When the server reads an ANNOUNCE from a proxy, it goes through the list of clients in the message and adds them to the list of clients for that proxy. However, it doesn't first check if the client is already in the list. Because each proxy only handles 1000 clients and in your case you have over 350 clients passing through a proxy, after two retransmissions of a REGISTER the server writes past the end of the client list for the proxy, resulting in unpredictable behavior which sometimes means it crashes.
In server_announce.c, near the end of the add_proxy_dests function, you'll see the following lines:
Change it to this:
Give that a run and let me know if you see any other problems.

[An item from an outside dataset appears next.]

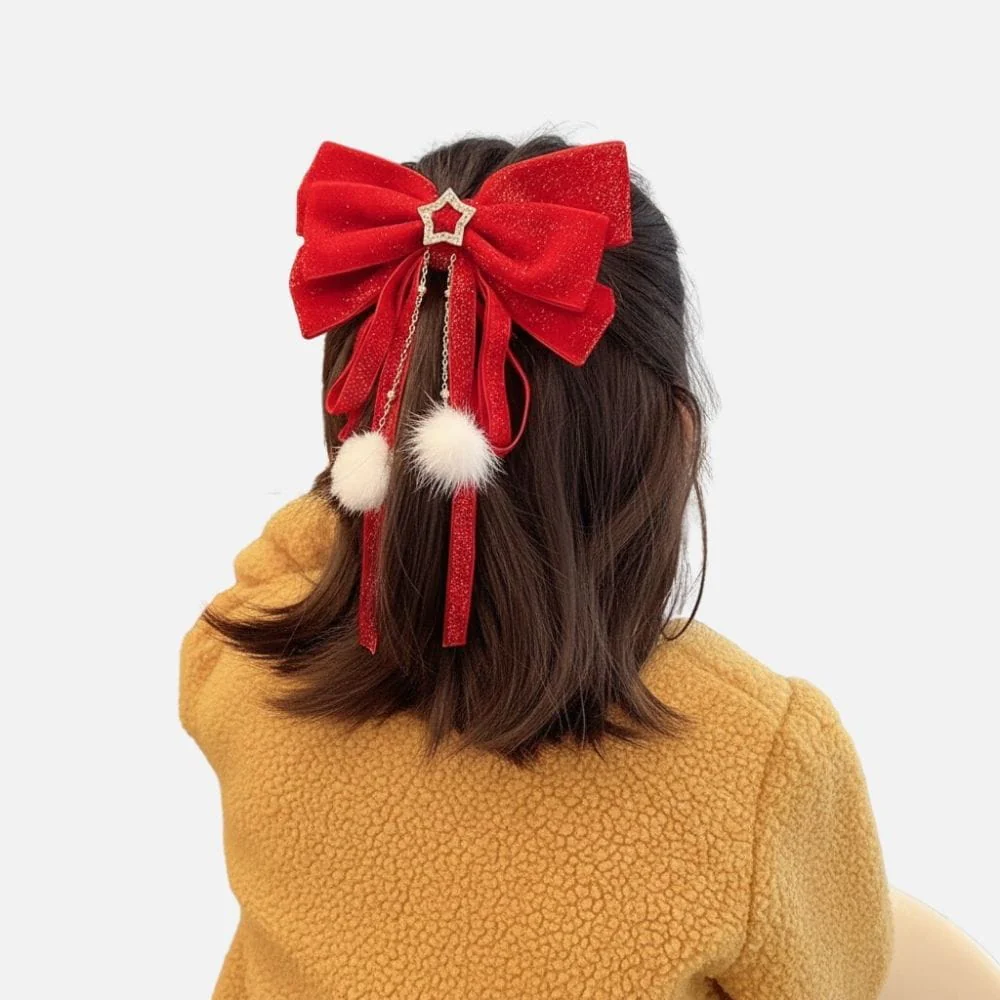 - Émotion : Ce nœud rouge vif, orné de chaînes fines et de pompons blancs duveteux, évoque la douceur et la joie des fêtes, tout en apportant un charme enfantin et raffiné typique des accessoires cheveux fillette traditionnels.

I'll make a fix on my end for the next version. Instead of the above change, I'll actually just get rid of the client list for each proxy, since the server doesn't use that information anyway.
Hi,
Thanks so much Denis. There is a patch:
=====
--- server_announce.c 2014-12-31 04:34:02.000000000 +0000
+++ server_announce.c 2015-04-28 12:38:25.862299068 +0000
@@ -465,8 +465,10 @@
finfo->deststate[hostidx].conf_sent = 0;
log1(finfo->group_id, finfo->file_id,
" For client%s %s", dupmsg ? "+" : "", destlist[hostidx].name);
- destlist[proxyidx].clients[addcnt + startcnt] = hostidx;
- addcnt++;
+ if (dupmsg) {
+ destlist[proxyidx].clients[addcnt + startcnt] = hostidx;
+ addcnt++;
+ }
}
destlist[proxyidx].clientcnt += addcnt;
}
=====
updated binary on server & proxy, is it enough? I mean i didn't update clients binaries.
Last edit: banuchka 2015-04-28
few test runs without segfault, its amazing :) need to wait few days on working/prod load.
This change only affects the server. Clients and proxies are not affected.
Hi, there is a new segfault
and there is a log https://dl.dropboxusercontent.com/u/21671126/aida-20150429-082957.log
My mistake, the fix I gave you was incorrect. Instead of:
It should be:
Thanks, will try.
Todays upload went fine, hope that finally helps me. Dennis, really thank you so much!